這味藥雖常用于止血,但單獨外用并不常見。“生地黃外用?”蕭墨抬頭看向老大夫。
老人慌忙解釋:“是、是一個蒙面紗的客人要的,說是搗碎敷在傷口上……小人本想勸阻,可他給的銀子實在太多……”
蕭墨合上賬簿,轉頭對張陽道:“傳令下去,把城中所有藥鋪的賬簿都集中到城隍廟,我要逐一比對。”
子時三刻,五十本賬簿在城隍廟的供桌上堆成小山。蕭墨脫了飛魚服,只著中衣,袖口挽起,借燭光逐本篩查。

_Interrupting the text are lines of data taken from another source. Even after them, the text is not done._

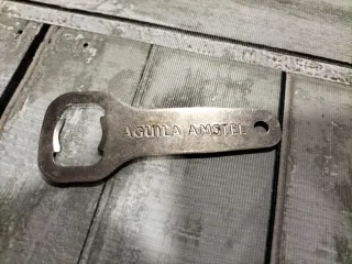 Apribottiglie in metallo per bottiglie di birra. Design classico con incisione Águila Amstel.
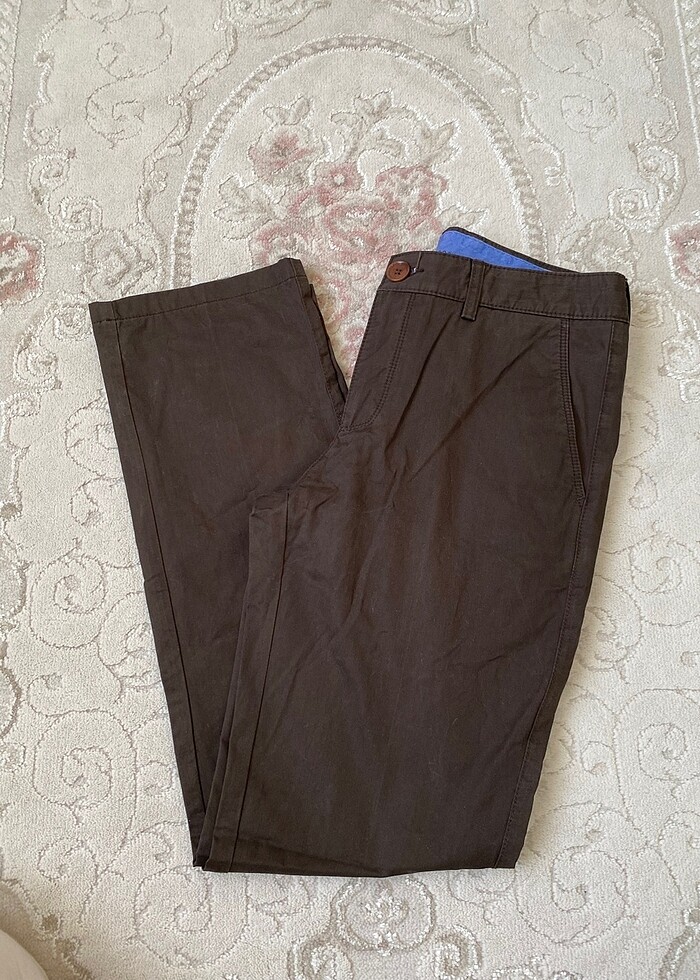 Ütülemeden fotoğrafladım .renkte solma yok .iki kez kullanıldı . Bel :38 cm , boy :97 cm , paça genişliği:20 cm , 0 pamuk
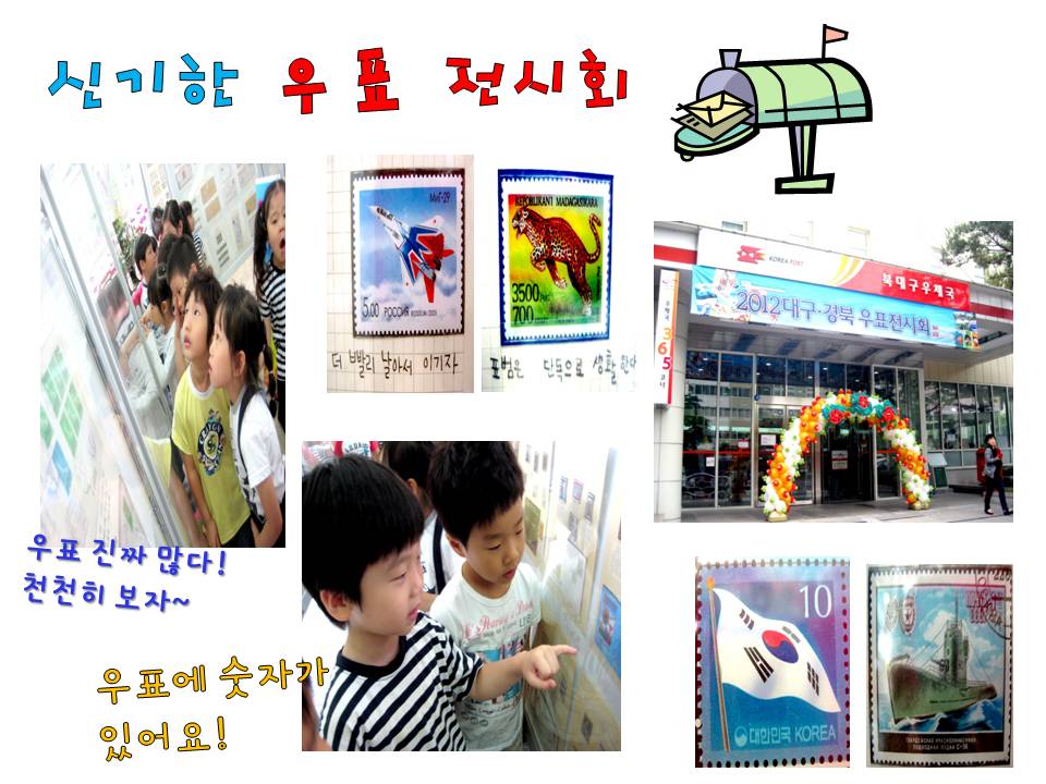 “옷걸이로 재미있는 안경을 만들 수 있다는게 신기해요! 저도 집에서 옷걸이로 안경을 만들어 보고 싶어요.” 가정에서도 친구들과도 버려진 고물을 이용하여 기발하고 재미있는 상상력을 펼쳐 보시면 어떨까요?<우표 전시회> 북대구 우체국에 열린 우표 전시회에 다녀왔어요. 우체부 아저씨를 통해 우편물이 배달되는 과정에 대한 소개를 들은 후, 다양하게 디자인된 우표들을 감상하며 아름다움을 느낍니다. “내가 좋아하는 제트기가 그려진 우표도 있어요!”“우리나라에서 만든 우표라서 대한민국이라 적혀 있나 봐요.”“우표에 도장도 찍혀 있어요. 우리 동네에 온 편지라는 것을 표시하는 건가?”“우표에 숫자는 왜 있지? 가격을 표시하는 건가?”“우표를 만든 날짜 같은데...”“우표 가격은 왜 다 다르지?”“예쁠수록 더 비싼 게 아닐까?” “왜 편지 봉투에 우표를 붙여야 하는 걸까?”“진짜 편지인지 가짜 편지인지 구분하기 위해서?”“ 편지봉투를 더 예쁘게 꾸미기 위해서?”우표 전시회 관람을 통해 우표의 구성요소와 기능에 대해서도 관심을 가질 수 있었답니다.
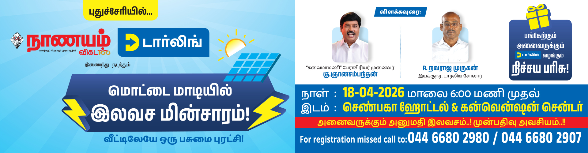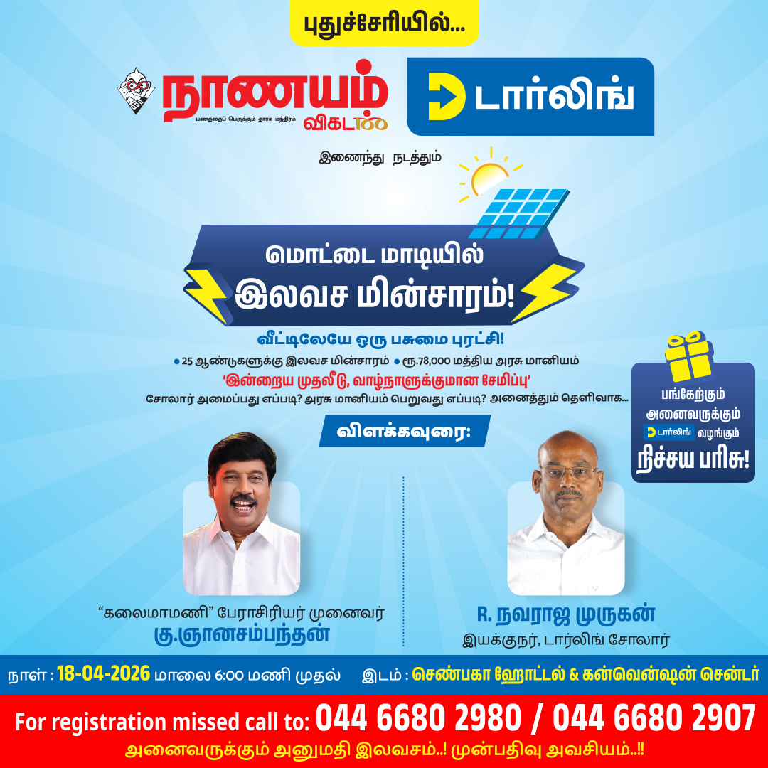 நாணயம் விகடன் மற்றும் டார்லிங் சோலார் இணைந்து நடத்தும் மொட்டை மாடியில் இலவச மின்சாரம்! வீட்டிலேயே ஒரு பசுமை புரட்சி!

張陽看著他眼下的青黑,忍不住道:“總旗,您歇會兒吧,兄弟們輪班查也是一樣的。”
蕭墨搖頭,指尖劃過一本本賬簿:“你們不通藥理,容易錯過一些細節荊棘精通東瀛醫術,必定知道我們會追查外傷藥。
他若想避人耳目,最可能的做法是——”他忽然抽出一本泛黃的賬冊,“在不同藥鋪分別購買輔藥,再自行配伍。”“正是。”
蕭墨指向賬冊上的記錄,“城西‘濟生堂’售出了赤芍,城南‘保和堂’有血竭,城北‘同仁堂’賣過三七……這些藥單獨看都是尋常藥材,但合在一起,正是東瀛金瘡方‘凝血散’的配方。”
他猛地起身,:“立刻派人去鐵匠鋪!荊棘買了這么多藥材,必然需要容器搗藥,鐵匠鋪的搗藥罐最近必有異常!”
城東鐵匠鋪的李師傅被從床上拖起來時,還以為自己犯了王法。直到看見蕭墨幾人的飛魚服的時候,才哆嗦著說出:“昨、昨天確實有個右肩帶傷的客人,買了個特大號搗藥罐,說是給老娘治風濕……”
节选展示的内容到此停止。